- Revista Istoé
Não sou ingênuo. Sei que nem todos os habitantes do Congresso e do STF morrem de amores pelos avanços em curso. Mas, vistos em conjunto, creio que tais avanços são irreversíveis
Os principais jornais e revistas do Primeiro Mundo andam meio obcecados com o tema do “fim da democracia”. Entra dia, sai dia, algum deles sentencia que o princípio da representação política parece esgotado. Mas, claro, esquiva-se de explicar qual será a alternativa.
Dediquei algumas páginas a esse tema no capítulo 2 de meu livro “Liberais e antiliberais” (Companhia das Letras, 2016). Mostrei que essa linha de argumentação aparece já bem configurada nas primeiras décadas do século 20, e reaparece de forma cíclica, praticamente nos mesmos termos.
No momento atual, não se requer muito esforço para perceber que, de fato, existe um mal estar mundial.

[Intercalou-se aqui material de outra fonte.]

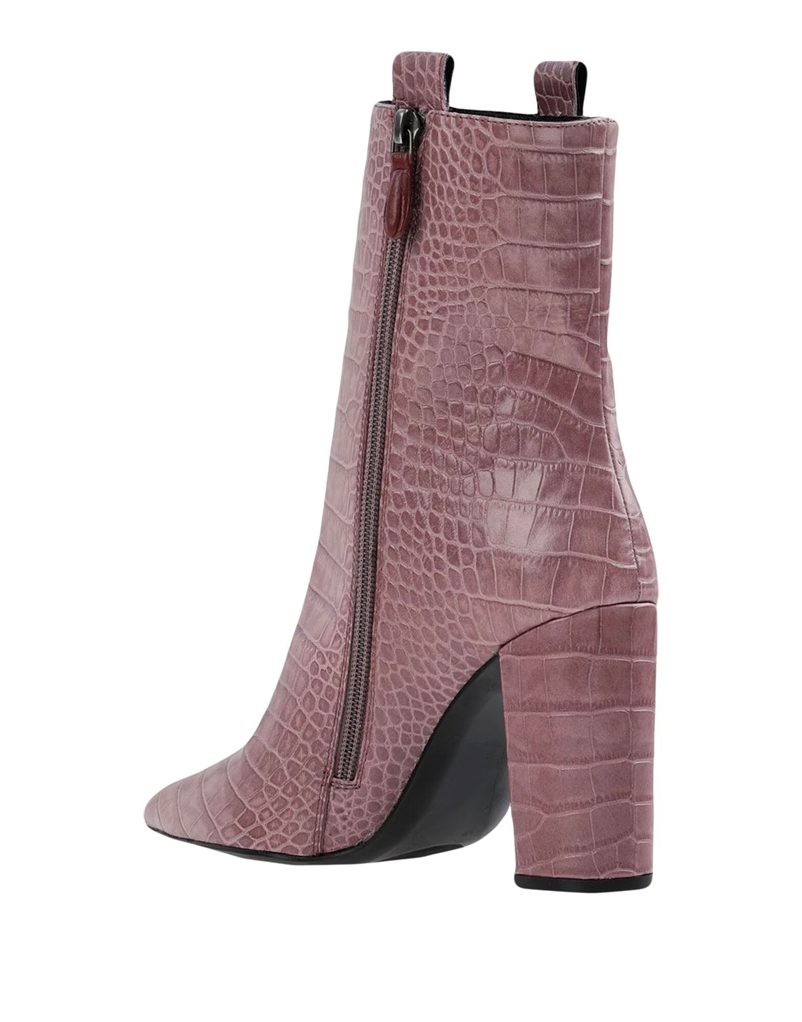 Принт под крокодиловую кожу, без аппликаций, однотонный базовый цвет, молния, узкий носок, квадратный каблук, обтянутый каблук, кожаная подкладка, резиновая подошва, содержит нетекстильные части животного происхождения
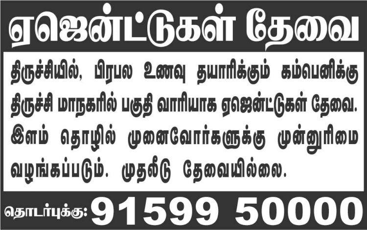 திருச்சி மாநகரில் பகுதி வாரியாக பிரபல உணவு தயாரிக்கும் கம்பெனிக்கு ஏஜெண்டுகள் தேவைப்படுகின்றன. கீழே உள்ள படத்தின் தொடர்பு எண்ணை தொடர்பு கொள்ளலாம்.
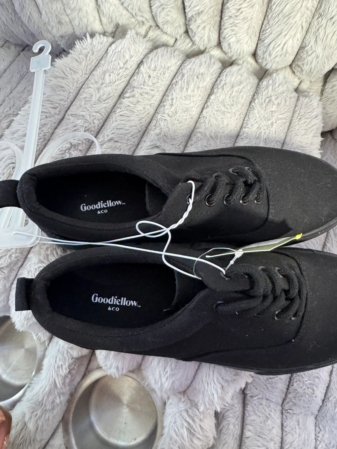 These are black canvas sneakers with a lace-up closure. They feature a durable rubber sole. These shoes are a size 8
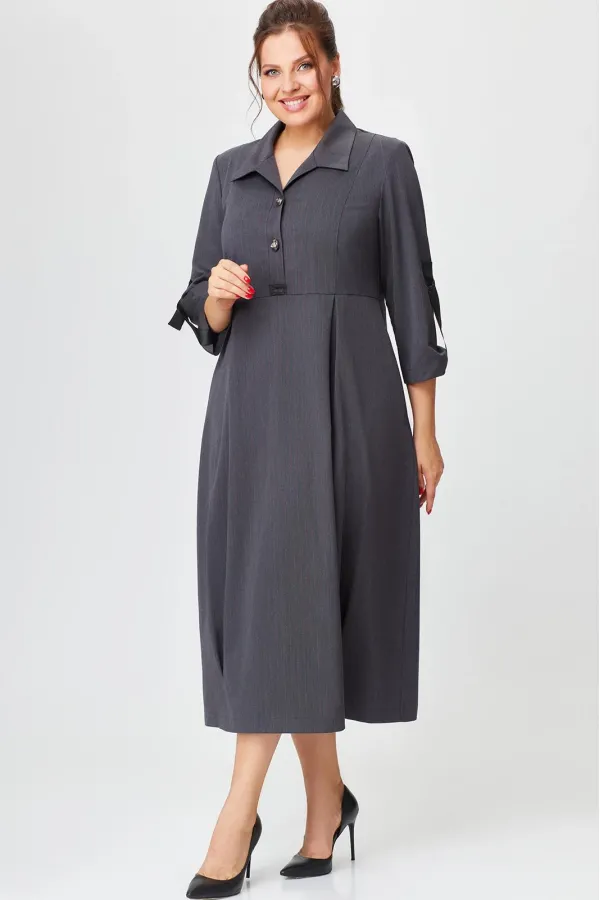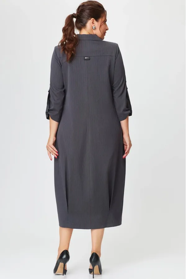 Платье женское прямого силуэта. По переду платья нагрудные вытачки. По переду в верхней части платья рельефы и застежка на две петли и пуговицы, по шву притачивания складки. По горловине отложной воротник. Спинка с кокеткой и средним швом. В боковых швах обработаны карманы. По низу платья застрочены складки для создания О-образной формы. Рукав втачной, с декоративной патой из отделочной ткани.

A tecla da morte da democracia é martelada por toda parte, e os adeptos dessa tese geralmente nem se dão ao trabalho de ressaltar que o mal estar é geral, mas suas causas não são idênticas de um país a outro. Como também não são idênticos os setores ideológicos e partidos que propagam tal ideia.
Na edição anterior de Istoé, foi a vez do sociólogo Manuel Castells, professor da Universidade da Califórnia, Berkeley. Castells é um analista fino, que maneja muito bem os dados da realidade, e por isso merece ser lido com atenção. Esquematicamente, o que ele diz é que as democracias estão se autodestruindo por causa da corrupção. Não sei se o que o levou a explorar esse tema foi principalmente a atual situação brasileira, mas pergunto: a corrupção está acabando com a democracia brasileira? Pode ser que sim, pode ser que não.
A afirmação contrária me soa igualmente plausível. Podemos perfeitamente sustentar que, nesse aspecto, a democracia nunca mostrou tamanho vigor em nosso País. Um de nossos maiores empresários passou dois anos na cadeia, um ex-presidente, já condenado em segunda instância, está recluso há mais de cem dias, e os demais que se encontram na mesma condição representam quase todo o espectro partidário.
Pela primeira vez em nossa história, podemos dizer que o regime democrático já não se resume à realização de eleições periódicas. Está chegando àquele estágio em que transparência e accountability (a devida responsabilização penal dos infratores) entram efetivamente na equação. Não sou ingênuo. Sei que nem todos os habitantes do Congresso e do Supremo Tribunal Federal morrem de amores pelos avanços em curso. Mas, vistos em conjunto, creio que tais avanços são irreversíveis.